Быть может, они еще суровее поступят. Уйти от Гегеля к Иову! если бы Гегель мог бы хоть на мгновение допустить, что такое возможно, что истина не у него, а у невежественного Иова, что метод разыскания истины есть не выслеживание открытого им «самодвижения понятия», а дикие и бессмысленные, с его точки зрения, вопли отчаяния, он должен был бы признаться, что все дело его жизни сведено на нет, что он сам сведен на нет. И, пожалуй, не один Гегель и не в Гегеле одном тут дело. Пойти к Иову за истиной значит усомниться в основах и принципах философского мышления. Можно отдавать предпочтение Лейбницу, или Спинозе, или древним и противопоставлять их Гегелю. Но променять Гегеля на Иова – это все равно, что заставить время обратиться вспять, вернуться к тому, что было много тысяч лет назад, когда люди не подозревали даже того, что принесли нам наше познание и наши науки. Но Киргегард не удовольствуется и Иовом. Он рвется еще дальше в глубь времен – к Аврааму. И ему противопоставляет даже не Гегеля, а того, кого Дельфийский оракул, а за оракулом все человечество, признал мудрейшим из людей: Сократа.

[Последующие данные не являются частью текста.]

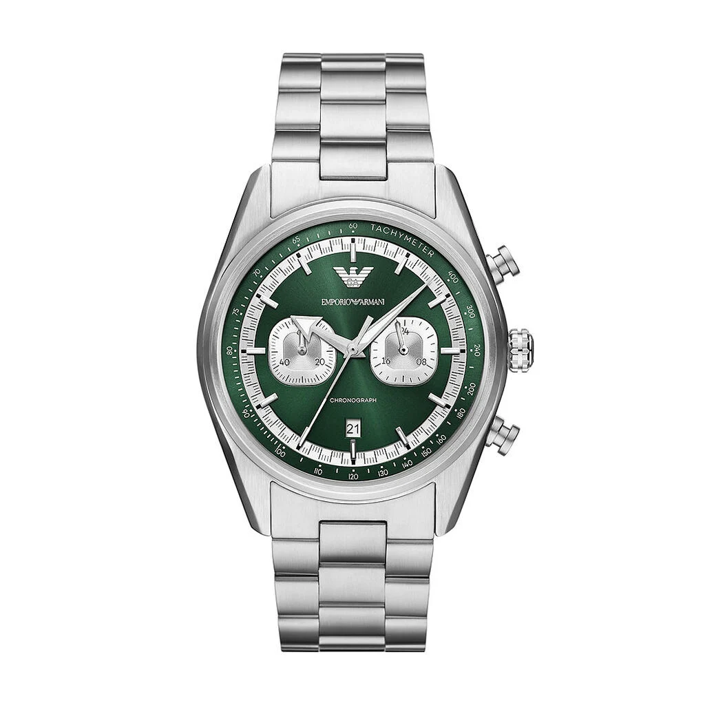 L’Emporio Armani AR11637 appartient à la collection Racer. Elle se distingue immédiatement par son cadran vert dégradé « soleillé » et ses sous-cadrans argentés contrastés, un design classique souvent appelé cadran « Panda inversé » dans le monde de l’horlogerie. C’est une montre qui allie dynamisme sportif et élégance citadine, fidèle à l’ADN de la maison Armani.
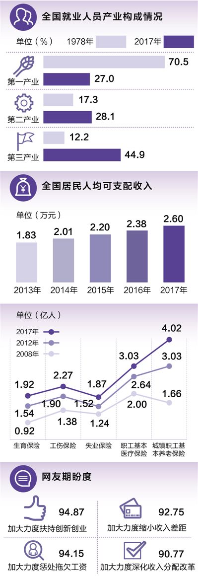 2017年末全國(guó)就業(yè)人員達(dá)7.76億人,比1978年增加3.75億人。不僅僅是數(shù)量上的變化,隨著我國(guó)經(jīng)濟(jì)結(jié)構(gòu)的持續(xù)優(yōu)化,就業(yè)結(jié)構(gòu)逐步改善,就業(yè)的渠道越來(lái)越寬了。
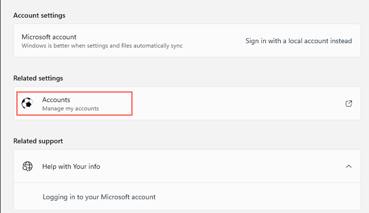 - Select Accounts – Manage my accounts under the Related settings section. )In Windows 10, select Manage my Microsoft account .)
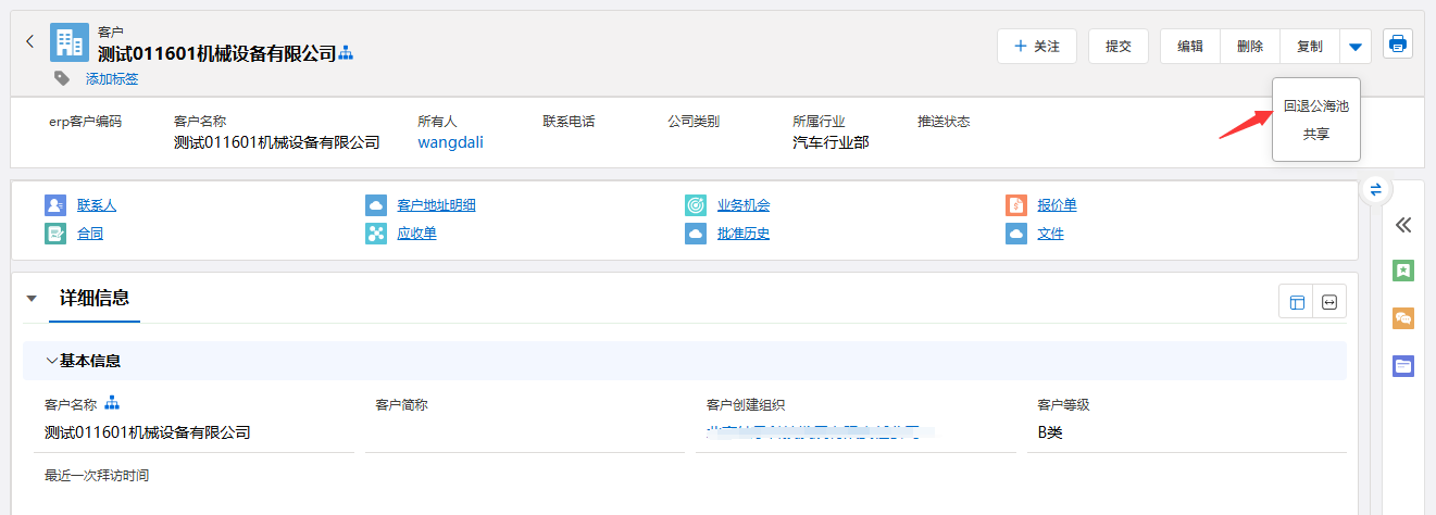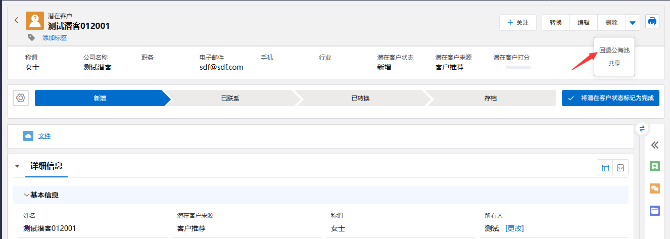 - 在详情页面的右上角区域,找到并点击「回退公海池」按钮。

Над Сократом, правда, Киргегард смеяться не дерзает. Сократа он чтит, пред Сократом он даже благоговеет. Но со своей нуждой и со своими трудностями он идет не к Сократу, а к Аврааму. Сократ был величайшим из людей, но из тех людей, которые жили на земле до того, как им открылась Библия.[15]
Пред Сократом можно преклоняться, но не у него смятенная душа найдет ответы на свои вопросы. Платон, подводя итоги тому, что он получил в наследие от своего учителя, писал: величайшее несчастье, какое может приключиться с человеком, – это если он станет ’ом т. е. ненавистником разума. И вот нужно сказать сразу: Киргегард ушел от Гегеля к Иову и от Сократа к Аврааму только потому, что они требовали от него любви к разуму, а он ненавидел разум больше всего на свете.Платон и Сократ грозили ненавистникам разума всякими бедами. Но дана ли им была власть оберечь от бед того, кто разум возлюбит? И еще более тревожный вопрос: нужно ли любить разум, потому что, если его не будешь любить, то придется за это поплатиться, или нужно его любить бескорыстно, не загадывая вперед, что он принесет с собой, радости или горе, – исключительно потому, что он – разум? Повидимому, Платон был далек от бескорыстия, иначе он бы не грозил бедами. Просто возвестил бы, как заповедь: возлюби разум всем сердцем своим и душой – все равно, будешь ли ты от этого несчастным или счастливым. Разум требует любви к себе, не предъявляя в защиту никаких оправданий, ибо он сам есть источник, и притом единственный, всяких оправданий. Но «так далеко» Платон не шел, так далеко, по-видимому, и Сократ не шел. В том же «Федоне», в котором возвещено, что величайшее несчастье стать ненавистником разума, передается, что Сократ, когда разобрал, что анаксагоровский ,[16]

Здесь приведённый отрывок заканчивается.